Self-interest as the principal acceptable motive for economic behavior seems to me far superior to the notion that the state can plan economic activity with such wisdom as to produce a humane and free society. But the self-interested society tends to pay for its wealth by a loss of humanity; the planned society certainly pays for distributive justice by the loss of freedom, political as well as economic.

Philanthropyto paraphrase James Douglas's splendid book, Why Charity?is the instrument that societies have used to compensate for the indifference of the marketplace and the incompetence of the state. Voluntary acts of compassion and acts of community are always needed, in all societies, and always will be.

Public Goods

The quality of life even in modern America and in other economically advanced societies makes the scale of resources required beyond the reach of private, voluntary giving. Churches, corporations, universities, artists, and intellectuals willingly and properly accept government funds: It is in their self-interest to do so; most will argue that it is also in the public interest for them to do so. The scale of need is so great that voluntary contributions inevitably fall short.

 Less often voiced is a second theme: Many of the needs of community are what economists call public goods which

 ... bestow benefits that are often so widely diffused that it is impossible to allocate their costs to the individual beneficiaries in a commensurate proportion. Moreover, in the case of pure public goods their enjoyment by some will not curtail their enjoyment by others. The market will not produce such goods for a variety of reasons, but chiefly because if everyone can enjoy what it produced for someone else, no one will want to reveal his demand for a public good. (Henry W. Spiegel, The Growth of Economic Thought)

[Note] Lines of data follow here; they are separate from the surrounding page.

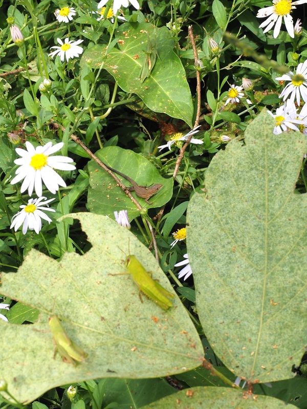 - 南口付近で、日向ぼっこ中のニホンカナヘビを見つけました。野菊の花に囲まれ、さらに乗っているのがハート形のガガイモの葉っぱとあっては、「こ〜れは、かわいさ倍増なのでは!?」とスタッフが写真を撮りたくなるのも無理からぬ話でしょう。そっと近づいてから改めて周りをよくよく見ると、近くに2匹のツチイナゴ、さらにはオンブバッタが止まっているのに気が付きました(写真)。さながら、草むらの生きものたちの休憩スポットです。
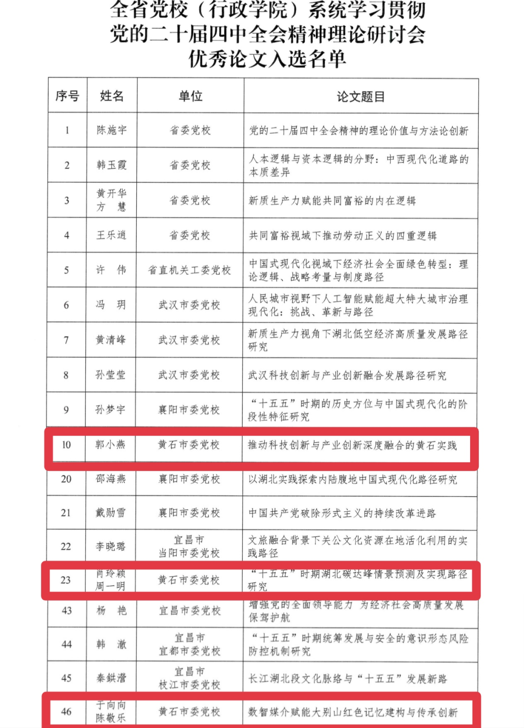 1月17日,省委党校(省行政学院)印发《关于全省党校(行政学院)系统学习贯彻党的二十届四中全会精神理论研讨会优秀论文入选情况的通知》,我校3篇论文成功入选。
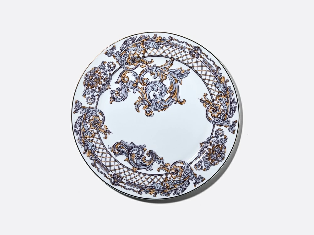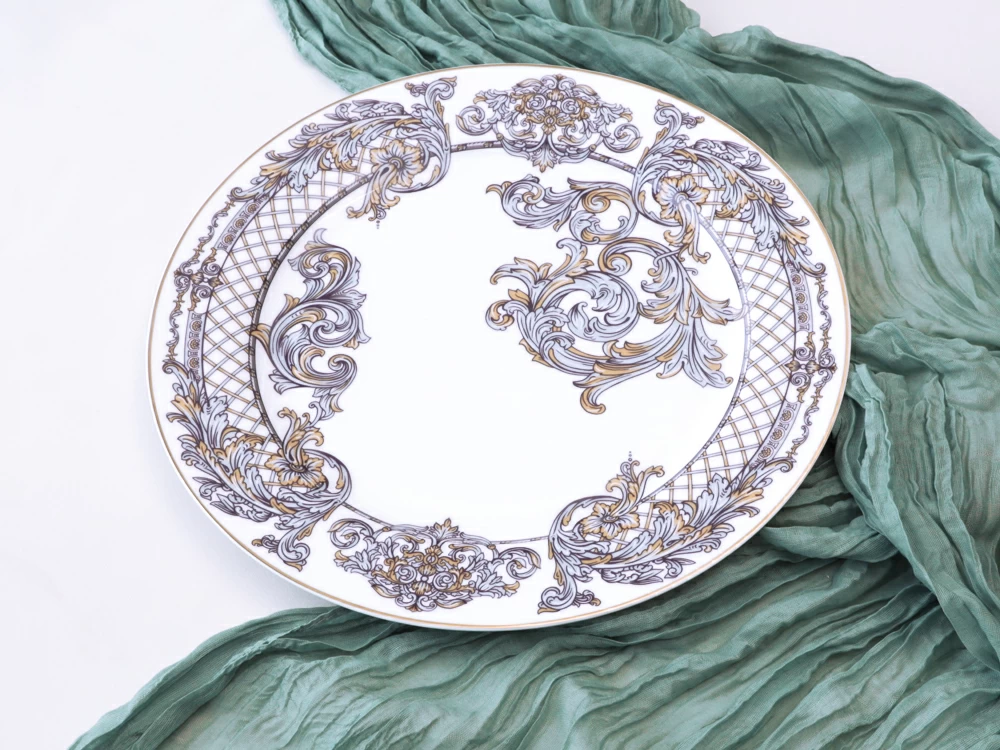 Круглое блюдо «Барокко» из костяного фарфора от художника Светланы Козлобродовой приглашает в эпоху роскоши. Белоснежный фарфор служит идеальным холстом для сложного декора, вдохновленного стилем барокко с его торжественностью и богатством орнамента.
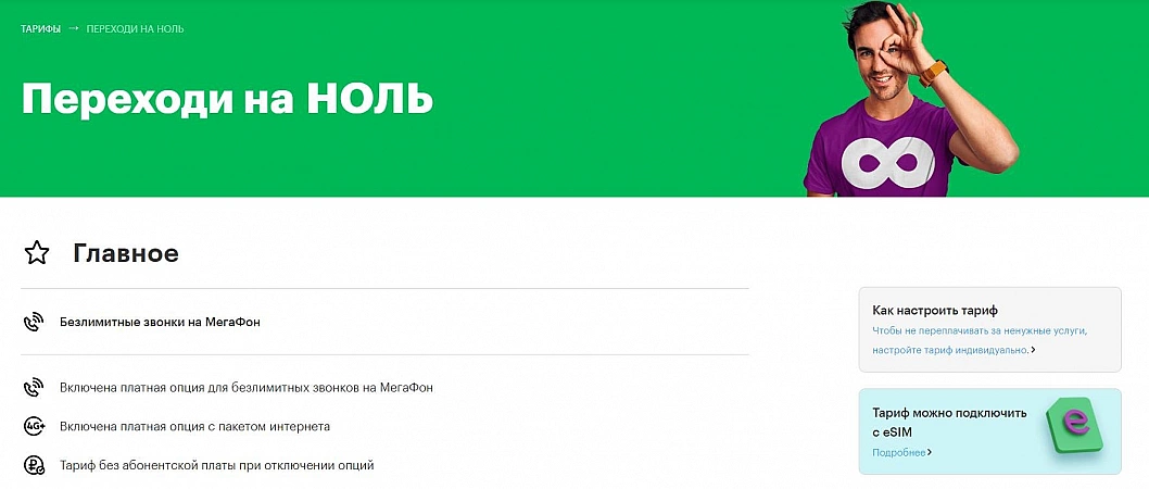 - Lehetőségek: váltás a számoddal, "Korlátlan MegaFonra", "Kényelmes internet", "Gondalommentes nyaralás"

If someone else will pay for something that I will then be able to use, why should I pay for it? Mr. Jones built a private road and a private bridge; when others began to use it, Mr. Jones concluded that the next road and bridge would be built by someone else. When no one stepped forwardwhen no one volunteered " the public" had to pay for it, or it wasn't built at all.

The reason I prolong this is because not enough attention is given to the range and variety of public goods, and which among them should be provided by taxation and which might be left to the marketplace and to private philanthropy. This becomes a powerfully important question in my mind because it involves a determination of the best way to preserve the freedom of thought. For example:

HOW SHOULD PHILOSOPHERS BE PAID?

If, as has been the case in recent years, philosophers are primarily dependent on income derived from teaching, and if it is true that there has been a decline in the number of students who take courses in philosophy; and if it is the case that those who provide financial support to colleges and universities through gifts and grants either neglect philosophy or attach strings to their gifts to philosophers; and if the popular culture is bored with philosophy and philosophy can claim little share of the vast sums generated by television advertising, say, or the more profitable books clubs ... Or if philosophers have to spend so much time teaching in order to earn a living that they have no time for reflection, discussion, debate, and research on questions that may not prove to be fruitful (the same problems plague mathematicians, by the way), then perhaps there is a place for philanthropic support. The marketplace usually ignores philosophy because it isn't "useful"; the state usually becomes very heavy--handed in making sure philosophers are useful, but in one Right Way.